# DATA TO EXAMINE:

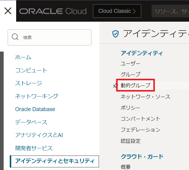 左上のナビゲーション・メニューを展開して、「動的グループ」を選択してください。
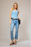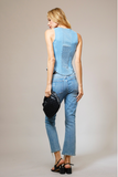 Designed in a soft, sun-washed blue denim this fully lined vest has front boning, front zip closure and center back smocking, this piece is as easy to style as it is to wear. Constructed from soft, washed blue 85% cotton, 14% polyester and 1% spandex denim, pair it with your favorite high-rise jeans, maxi or denim short for a chic look, or layer it over a crisp white shirt or flowy blouse to add a little rebel spirit to your everyday style. The Rugged Corset Vest is the piece you'll reach for when you want to feel effortlessly bold.
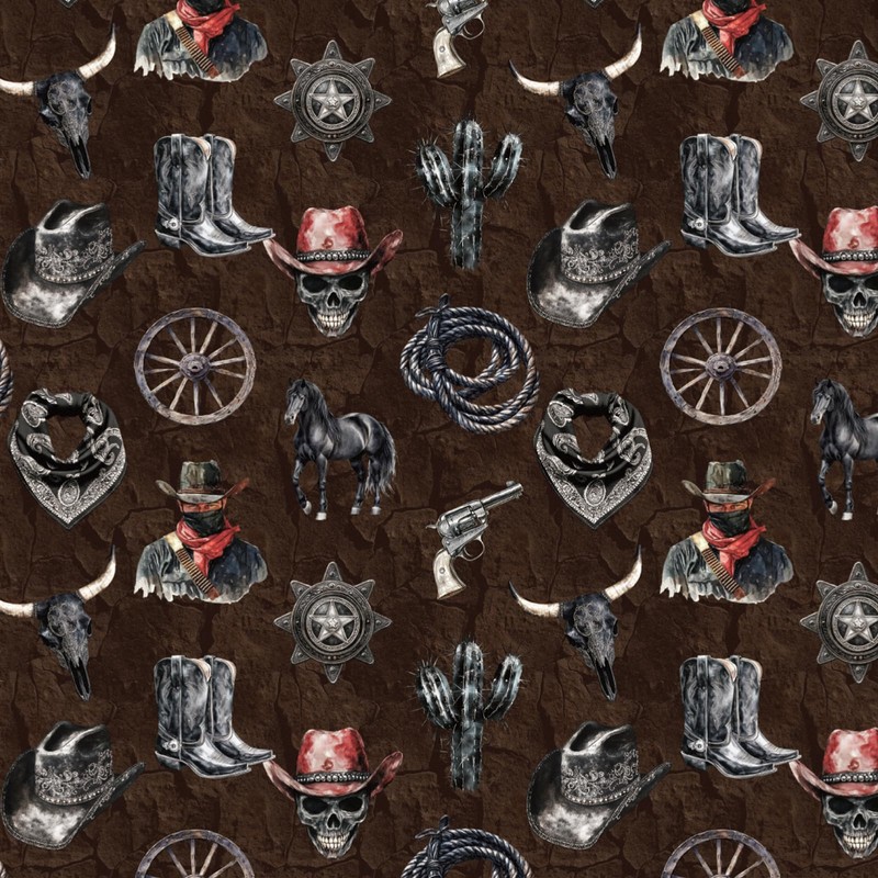 - Rustic Western Design: Features cowboy-inspired elements including skull with hat, boots, revolver, cactus, rope, sheriff badge, bull skull, wagon wheel and horse, all on a rugged brown background
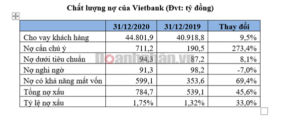 Quy mô nợ xấu của Vietbank đã tăng đáng kể 45,6% so với hồi đầu năm, trong đó nợ có khả năng mất vốn tăng mạnh nhất lên đến 69,4%. Đặc biệt, nợ cần chú ý (nhóm 2) cũng nhảy vọt từ 190,5 tỷ đồng đầu năm lên tới hơn 711,2 tỷ đồng vào cuối năm. Nợ nhóm 2 là các khoản nợ bắt đầu quá hạn, được xem là phần nợ xấu tiềm tàng mà các ngân hàng bắt đầu phải trích dự phòng.
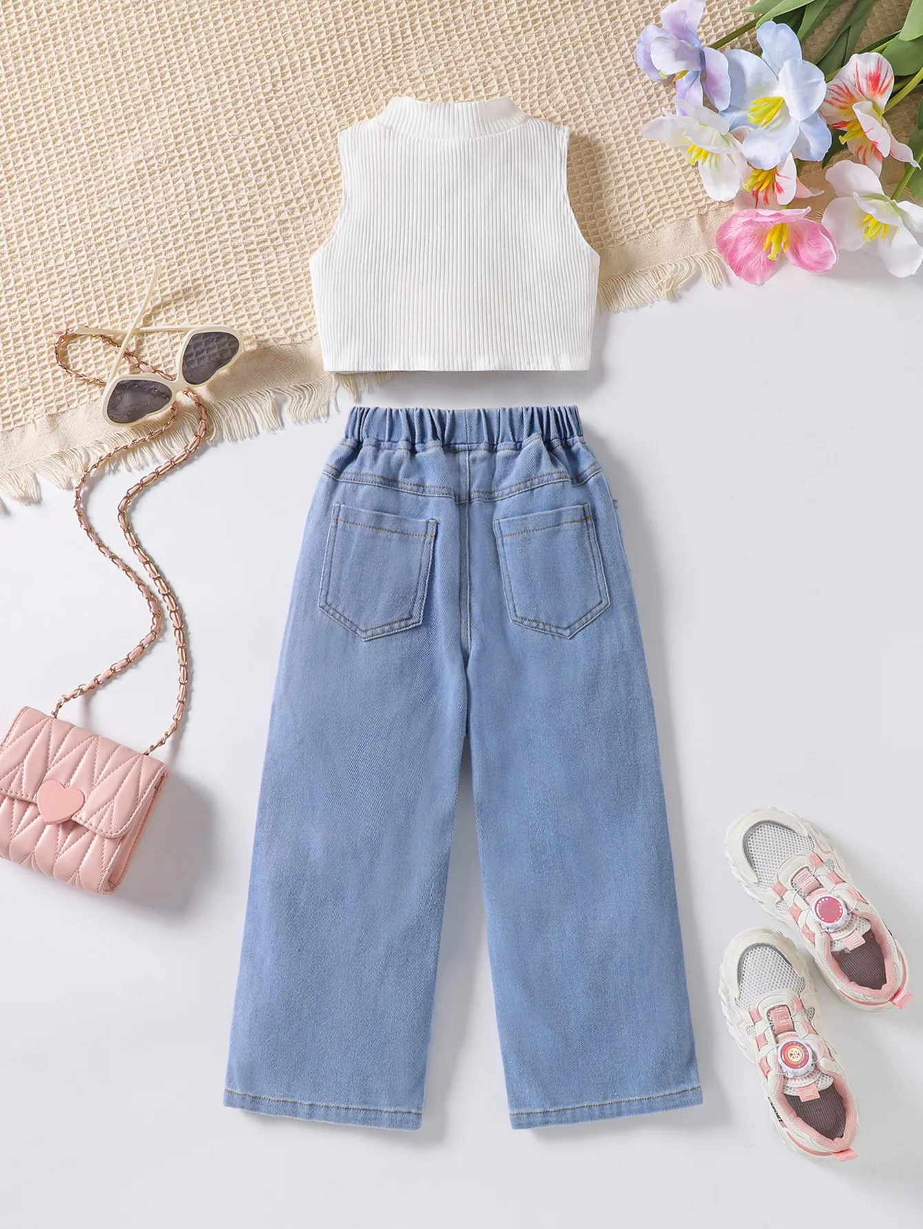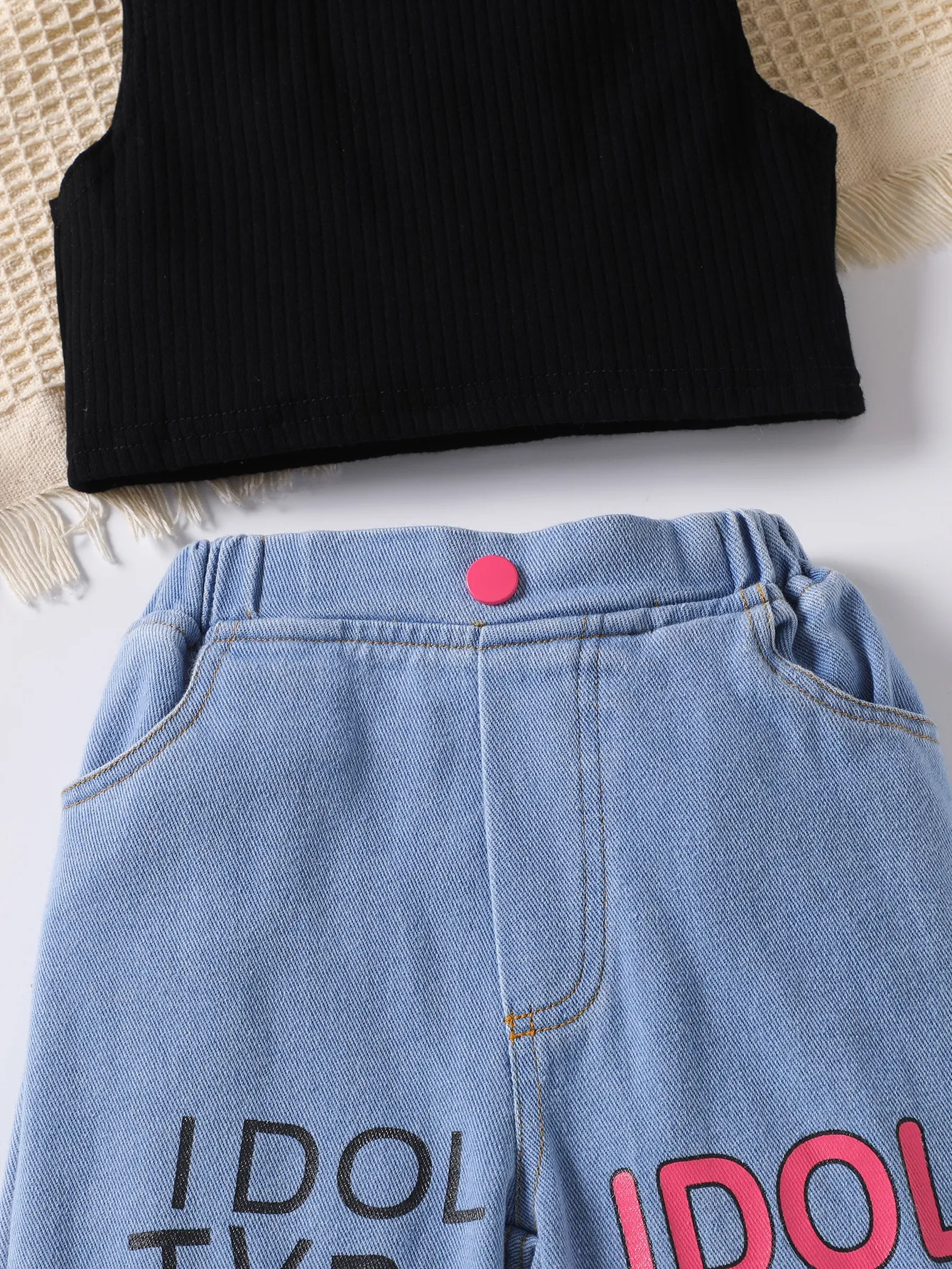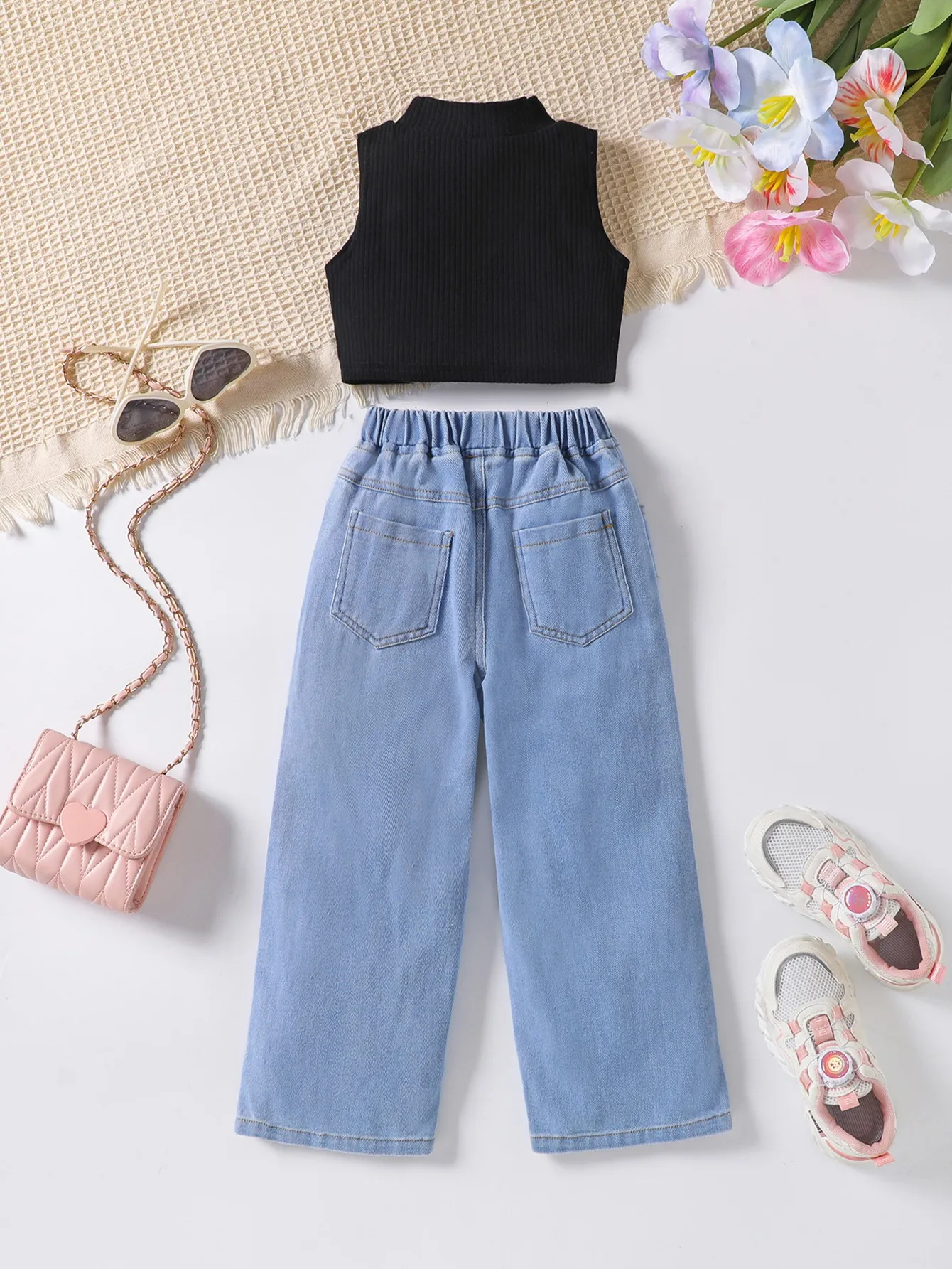 Perfect for playdates, outings, or family gatherings, this sleeveless vest is both fashionable and functional, adding a trendy yet practical piece to any girl’s wardrobe.

# ACTIVITY:
Those lines of the records above that run from the one containing "Designed in a" through the one containing "- Rustic Western" should be returned exactly, with no pictures among them.

# EXERCISE SOLUTION:
 Designed in a soft, sun-washed blue denim this fully lined vest has front boning, front zip closure and center back smocking, this piece is as easy to style as it is to wear. Constructed from soft, washed blue 85% cotton, 14% polyester and 1% spandex denim, pair it with your favorite high-rise jeans, maxi or denim short for a chic look, or layer it over a crisp white shirt or flowy blouse to add a little rebel spirit to your everyday style. The Rugged Corset Vest is the piece you'll reach for when you want to feel effortlessly bold.
 - Rustic Western Design: Features cowboy-inspired elements including skull with hat, boots, revolver, cactus, rope, sheriff badge, bull skull, wagon wheel and horse, all on a rugged brown background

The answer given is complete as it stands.